Sent from my iPhone using Tapatalk


----------



## Wildman (Jun 10, 2017)

Not sure what to tell you never had a problem with a CA finish only used medium and didn’t sand between coats.  Wet sanding & polishing after the last coat but at slower lathe speed. After getting micro mesh wet sanding & polishing even easier for me.


----------



## Ambidex (Jun 10, 2017)

Welcome Mallory...I'm just guessing but the scratches may be from residual dust prior to the next grit. A picture may show more of what you're talking about. As far as your header for the thread it shows you listen to too many negative comments here on repetitive posts. I guess some here would rather have this turn into a library instead of an interactive forum where people talk to each other. While the library is a wealth of information, it's hard to get different opinions and insight from an inanimate source. It's also incredibly easy to not open posts that you don't want to read or make comments about


----------



## twehr (Jun 10, 2017)

FYI - Putting on a final thin coat "to even out any ridges" does not even out the ridges. It adds a thin layer to the ridges AND the valleys. You still need to sand/MM the same amount to get rid of the ridges. 

The extra layer does not hurt anything, it just doesn't help.


Sent from my iPad using Penturners.org mobile app


----------



## Woodchipper (Jun 10, 2017)

Not an expert, but I did stay at a Holiday Inn Express once, but I use thin CA for my pens.  Tried medium but didn't care for the results.


----------



## Dehn0045 (Jun 10, 2017)

I had poor results with micromesh until I started wet-sanding, I think I was building up heat with them dry.  I know a lot of folks use them dry, but I just couldn't get it to work for me.  Also, I started using sand-paper prior to the MM (600, 800, 1000, 1200, 1500, 2000), this has helped with eliminating the scratches (I got this pack and cut them into 1" strips: https://www.amazon.com/Sandpaper-Fu...7101920&sr=8-1-spons&keywords=sandpaper&psc=1).  The amount of time spent (MM or sandpaper) is not the critical factor, just that you get all of the scratches from the previous grit removed.

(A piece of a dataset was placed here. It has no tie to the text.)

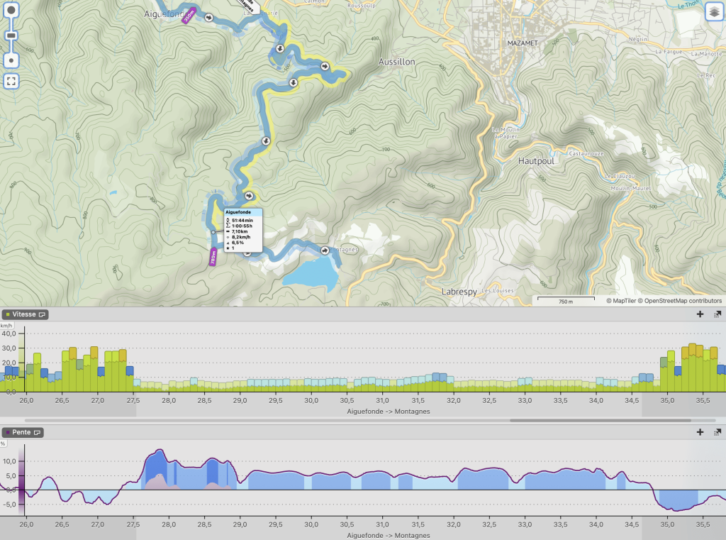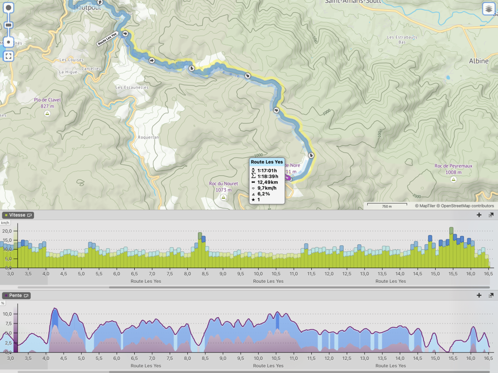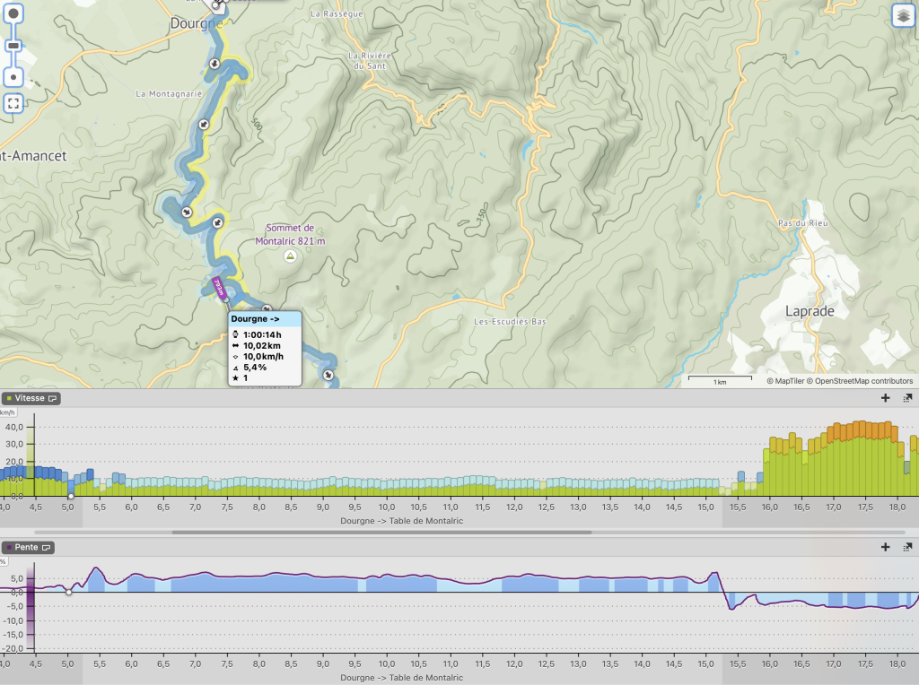 Entre Aiguefonde et le Lac de Montagnes, c’est un segment pour Gravel de 7,10 km à 6,5% (le maximum est à 15%)

As for the pits in open grain wood -- I sand with the course grits until I can't see any more glossy flecks on the blank.  I have heard that some people will use a skew rather than sandpaper for this step, but haven't tried that myself.  Depending on how deep the pits, this can be a lot of sanding.  I then sand thru 2000 and apply a few more coats of thin CA.  Then sand 800 thru 2000, MM, then polish.  I'm by no means an expert, but this has worked pretty good for me.


----------



## Mallory (Jun 10, 2017)

Thanks for the replies. Perhaps I'm just expecting too much on my first attempt. It may just require a bit of adjusting of my technique and hopefully in time it will come. 



twehr said:


> The extra layer does not hurt anything, it just doesn't help.




I shouldn't believe everything I read online then. Thanks for the advice - I'll probably not waste any time putting that last coat on then. 



Dehn0045 said:


> As for the pits in open grain wood -- I sand with the course grits until I can't see any more glossy flecks on the blank.




Thanks. It was a wenge blank and had fairly open grain so I will try this with the next one. 



Ambidex said:


> I'm just guessing but the scratches may be from residual dust prior to the next grit. A picture may show more of what you're talking about.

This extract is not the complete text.